Anatomy of the Writing Engine: How Muscular Movement Actually Works


Muscular Movement: it's arguably the most essential skill of a good business penman. It is the engine that powers smooth, continuous, effortless writing. Although nearly every penmanship manual discusses it to a greater or lesser extent, I have found it surprisingly difficult to find a satisfying explanation of how and why the technique actually works.

Even A.N. Palmer's lengthy definition is a bit vague:

"Muscular movement, as applied to writing, is the movement of the muscles of the arm from the shoulder to the wrist, with the larger part of the arm below the elbow on the desk, the fingers not being held rigid, but remaining passive, and neither extended nor contracted in the formation of letters. In this movement the driving power is located above the elbow in the upper muscles of the arm." (The Palmer Method of Business Writing, p. 11)

Here is my own attempt at a technical, but more precise definition:

Muscular movement is a mechanism for writing consisting of two physical actions—a rolling motion of the upper arm from the shoulder, and a lateral motion of the forearm from the elbow—operating in combination, with the forearm resting on the desk, acting as a pivot.

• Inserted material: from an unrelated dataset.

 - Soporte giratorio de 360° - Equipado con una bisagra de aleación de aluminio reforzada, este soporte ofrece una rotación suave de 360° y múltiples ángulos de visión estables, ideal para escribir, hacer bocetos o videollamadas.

To put it more simply, it looks like this:

So why is muscular movement so important? The basic idea behind arm movement writing is that by training large muscles to make comparatively small gestures, a penman will ultimately be able to write relatively rapidly for long periods of time without tiring. Arm movement is also crucial for producing rhythmic, evenly-spaced strokes, but we'll get to that later...

How it Works

The following series of videos is intended more as a demonstration of how the shoulder and elbow joints work together in this technique, rather than as a comprehensive lesson on how to practice it (though that may come in future posts.) Certainly, there are as many ways to go about acquiring a good muscular movement as there are individual penmen, and this is just one example. (Please note that this is a right-hander's perspective!)

Starting Out

Begin by finding your position at the desk. I will avoid going into too much detail here as there are superior explanations of this in most business penmanship manuals. I highly recommend F.W. Tamblyn's Home Instructor in Penmanship (p. 9) 

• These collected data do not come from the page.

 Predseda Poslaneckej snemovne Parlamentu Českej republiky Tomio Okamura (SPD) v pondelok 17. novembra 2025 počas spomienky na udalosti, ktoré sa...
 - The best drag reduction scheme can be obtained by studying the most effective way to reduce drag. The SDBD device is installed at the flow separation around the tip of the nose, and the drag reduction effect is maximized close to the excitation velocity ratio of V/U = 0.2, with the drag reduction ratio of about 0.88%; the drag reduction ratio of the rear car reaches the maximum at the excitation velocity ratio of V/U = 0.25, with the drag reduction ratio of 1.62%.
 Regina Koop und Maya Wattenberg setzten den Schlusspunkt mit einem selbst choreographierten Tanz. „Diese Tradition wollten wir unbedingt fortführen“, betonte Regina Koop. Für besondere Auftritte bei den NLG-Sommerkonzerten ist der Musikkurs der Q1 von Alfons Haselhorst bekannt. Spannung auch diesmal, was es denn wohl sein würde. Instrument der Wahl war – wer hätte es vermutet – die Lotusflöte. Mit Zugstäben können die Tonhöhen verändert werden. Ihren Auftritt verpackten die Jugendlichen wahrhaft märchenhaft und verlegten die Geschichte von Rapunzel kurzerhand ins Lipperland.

Here are a few basic things I find helpful to remember when beginning a writing session:

1) Sit with your body parallel to the desk.

2) Rest both arms naturally on the desk so they form an approximate right angle with each other.

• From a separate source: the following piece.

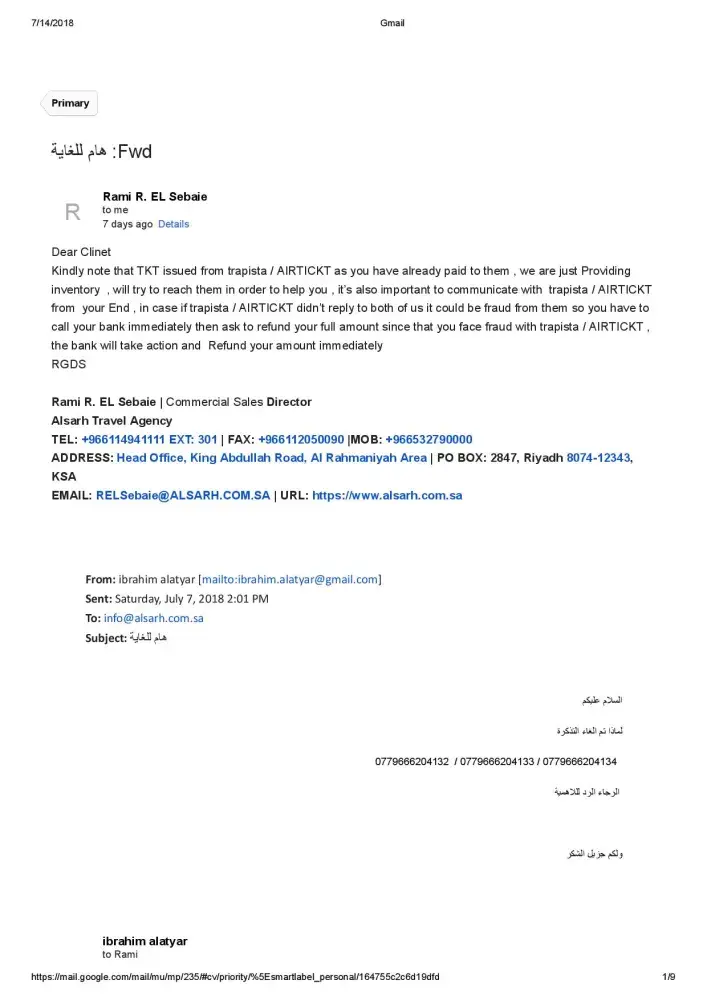 and i contact with egypt air he give me company name Alsarh Travel Agency

3) Keep both elbows off the edge of the desk. 

4) Angle your paper slightly to the left—this will help with writing across the page and maintaining your slant.

Writing position_wide.png
Writing position_close.PNG

I will save the topic of pen-hold for another post! I will say, however, that the movement technique demonstrated here was intended to work with the "knuckles-up" pen-hold described in penmanship texts of the day.

Ok, time to start writing!

The Forearm Hinge

With the pen on the paper, let your forearm swing back and forth from the elbow. Because of the relative paper angle, the strokes produced will be at a shallow upward angle from the baseline. This is the lateral component of muscular movement that allows us to produce connective strokes and glide unencumbered across the page.

Creating the Composite Movement

Beginning again with the lateral forearm movement, make an upward curve from the baseline. As the angle of the curve increases, notice how the movement naturally transitions to a forward-back motion of the upper arm from the shoulder, while still retaining a slight extension/retraction of the elbow hinge.

The Push-Pull and Oval

The very top portion of this curve lies along the writing slant. This is where the primary "engine" of muscular movement writing is engaged. In this zone, the upper arm is rocking forward and back, pivoting on the large muscle of the forearm. The rocking motion moves the pen straight up and down on the page while the elbow hinge provides just enough lateral motion to keep the pen tracing on the slant. This gesture is what we often refer to as the "push-pull." 

Notice that as I transition from the push-pull to an oval, the rocking of the upper arm very subtly expands to a rolling motion. I find it helpful to think of both the push-pull and oval as being of essentially the same movement. The seamless transition between the two gestures is what allows us to execute fluid business penmanship.